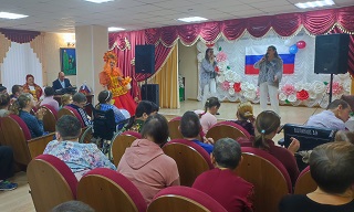 Для проживающих третьего корпуса учреждения прошел праздничный концерт с участием творческих коллективов ДК «Анисовский». Артисты порадовали зрителей любимыми песнями о России и танцами в национальных костюмах. А финальной точкой стал совместный флешмоб всех участников праздника «Вместе мы непобедимы».
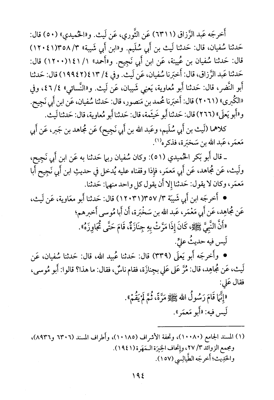 - قال أَبو بكر الحُميدي (٥١): وكان سفيان ربما حدثنا به عن ابن أَبي نَجيح، وليث، عن مجاهد، عن أبي معمر، فإذا وقفناه عليه يدخل في حديث ابن أَبي نَجيح أبا معمر، وكان لا يقول: حدثنا إلا أن يقول كل واحد منهما: حدثنا.
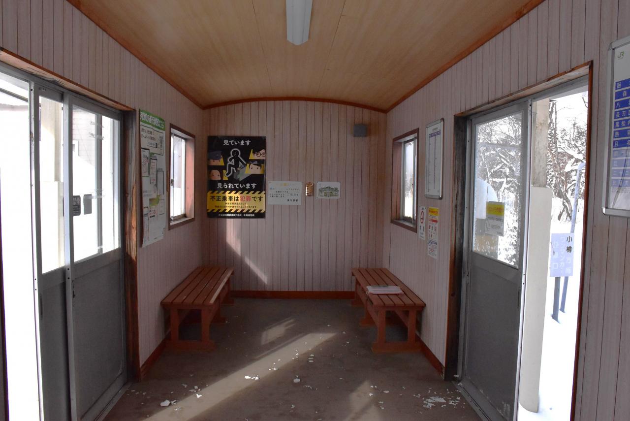 中央に出入口があり、左右に窓を設け、列車を待つ待合室に利用されています。
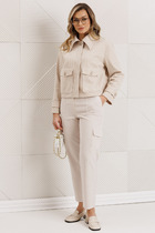 Брюки с накладными карманами в верхней части и на середине бедра.На притачном поясе со шлёвками, сзади - резинка. Застёжка на молнию. Этот костюм создан для тех, кто ценит легкость и не ограничивает себя рамками. Идеальный спутник для города, путешествий и встреч.
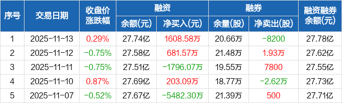 招商证券:融资净买入1608.58万元,融资余额27.74亿元(11-13)
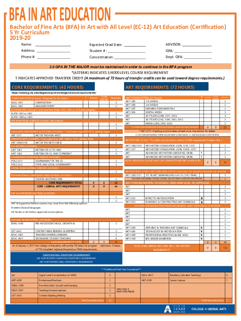 Get the free Bachelor of Fine Arts (BFA) in Art with All Level (EC-12) Art ...
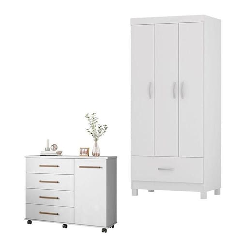 Cômoda Flora e Guarda Roupa Solteiro Prince Branco - Demóbile
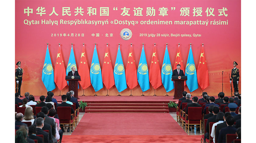 2019年4月28日 習近平為哈薩克斯坦首任總統納扎爾巴耶夫舉行『友誼勛章』頒授儀式 4月28日,國家主席習近平在北京人民大會堂中央大廳為哈薩克斯坦首任總統納扎爾巴耶夫舉行『友誼勛章』頒授儀式。 (新華社記者 鞠鵬 攝)
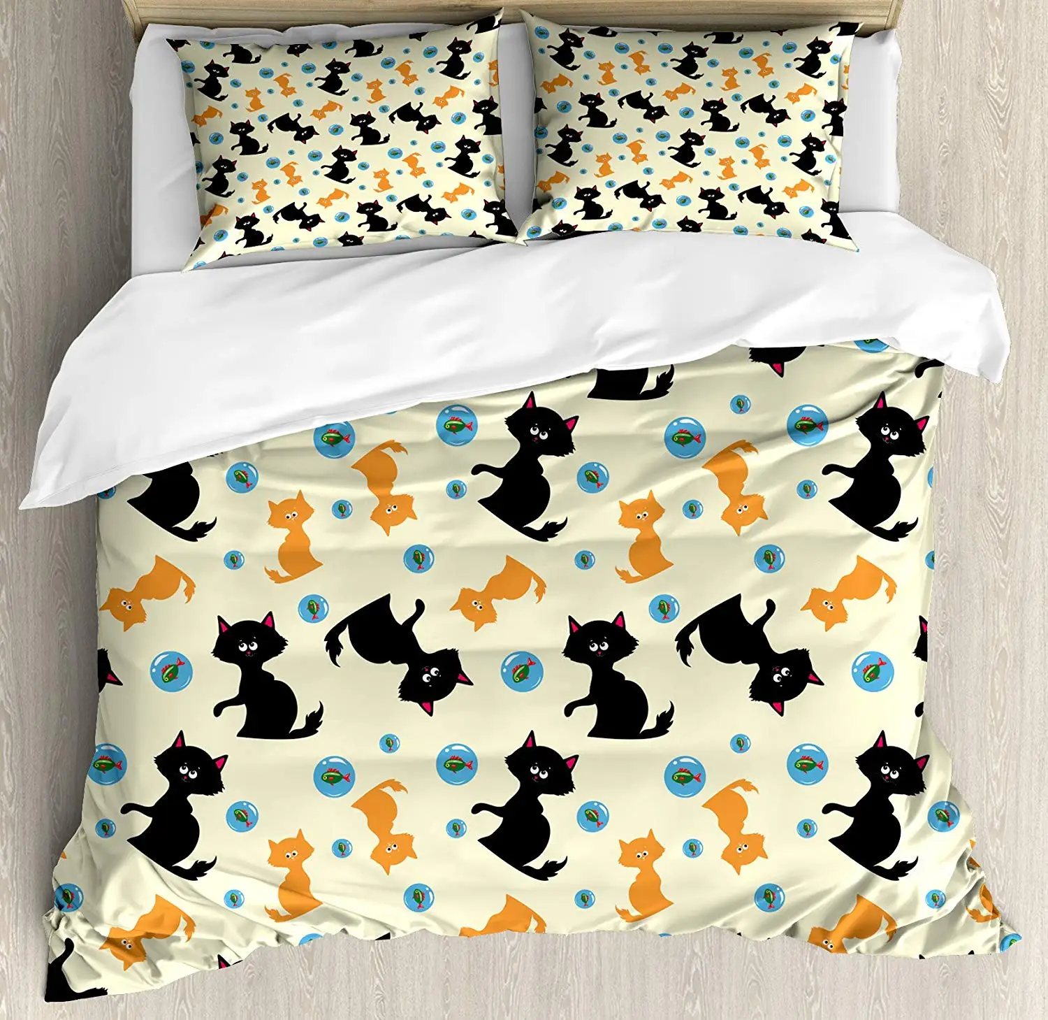 Комплект пододеяльников с изображением кошек, домашних животных, с оранжевыми и черными кошками, рыбами в пузырьках, мультяшный стиль, декоративная кровать из 3 предметов
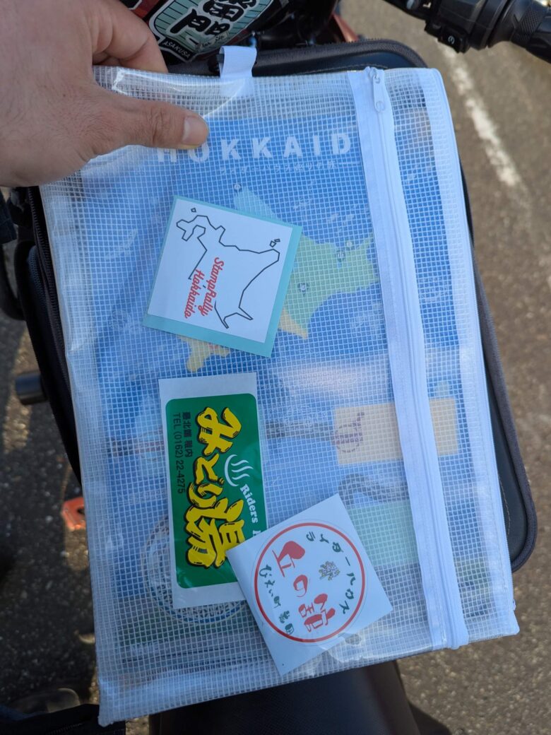 宿泊したライダーハウスステッカー+完泊ステッカーを付けていたら
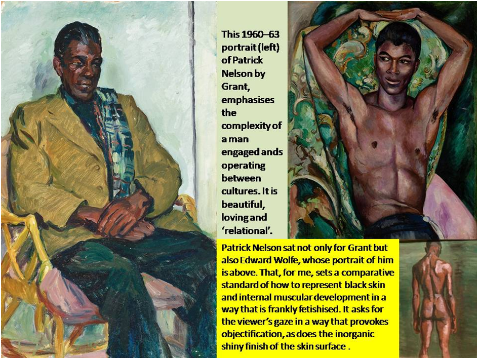 However recognising the hypersexual is not always easy and distinguishing it from the haptic appreciation of the naked body, black or white, almost impossible. In comparing Sahara Longe’s clothed frontal portrait of Patrick Nelson with Grant’s, as they appear in this exhibition, the NPG commentary sees a particular kind of ‘racist stereotyping’, which ‘involves the fetishisation of black subjects by white artists’. This is emphasised at the cost of other readings in the otherwise useful York caption.
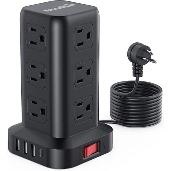 12-Outlet Power Strip Surge Protector with 10 ft. Extension Cord and USB Ports in Black
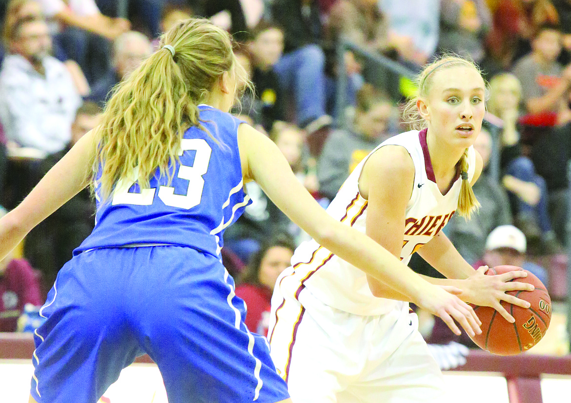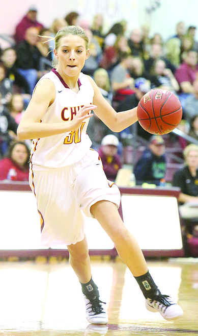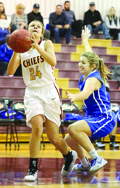 Connor Vanderweyst/Columbia Basin Herald - Moses Lake point guard Jamie Loera drives to the basket against Walla Walla.
********************
▸ Problem statement: Copy all of the material word for word, and include none of its pictures.

▸ Task answer:
 Для проживающих третьего корпуса учреждения прошел праздничный концерт с участием творческих коллективов ДК «Анисовский». Артисты порадовали зрителей любимыми песнями о России и танцами в национальных костюмах. А финальной точкой стал совместный флешмоб всех участников праздника «Вместе мы непобедимы».
 - قال أَبو بكر الحُميدي (٥١): وكان سفيان ربما حدثنا به عن ابن أَبي نَجيح، وليث، عن مجاهد، عن أبي معمر، فإذا وقفناه عليه يدخل في حديث ابن أَبي نَجيح أبا معمر، وكان لا يقول: حدثنا إلا أن يقول كل واحد منهما: حدثنا.
 中央に出入口があり、左右に窓を設け、列車を待つ待合室に利用されています。
 Брюки с накладными карманами в верхней части и на середине бедра.На притачном поясе со шлёвками, сзади - резинка. Застёжка на молнию. Этот костюм создан для тех, кто ценит легкость и не ограничивает себя рамками. Идеальный спутник для города, путешествий и встреч.
 招商证券:融资净买入1608.58万元,融资余额27.74亿元(11-13)
 Get the free Bachelor of Fine Arts (BFA) in Art with All Level (EC-12) Art ...
 Cômoda Flora e Guarda Roupa Solteiro Prince Branco - Demóbile
 2019年4月28日 習近平為哈薩克斯坦首任總統納扎爾巴耶夫舉行『友誼勛章』頒授儀式 4月28日,國家主席習近平在北京人民大會堂中央大廳為哈薩克斯坦首任總統納扎爾巴耶夫舉行『友誼勛章』頒授儀式。 (新華社記者 鞠鵬 攝)
 Комплект пододеяльников с изображением кошек, домашних животных, с оранжевыми и черными кошками, рыбами в пузырьках, мультяшный стиль, декоративная кровать из 3 предметов
 宿泊したライダーハウスステッカー+完泊ステッカーを付けていたら
 However recognising the hypersexual is not always easy and distinguishing it from the haptic appreciation of the naked body, black or white, almost impossible. In comparing Sahara Longe’s clothed frontal portrait of Patrick Nelson with Grant’s, as they appear in this exhibition, the NPG commentary sees a particular kind of ‘racist stereotyping’, which ‘involves the fetishisation of black subjects by white artists’. This is emphasised at the cost of other readings in the otherwise useful York caption.
 12-Outlet Power Strip Surge Protector with 10 ft. Extension Cord and USB Ports in Black
 Connor Vanderweyst/Columbia Basin Herald - Moses Lake point guard Jamie Loera drives to the basket against Walla Walla.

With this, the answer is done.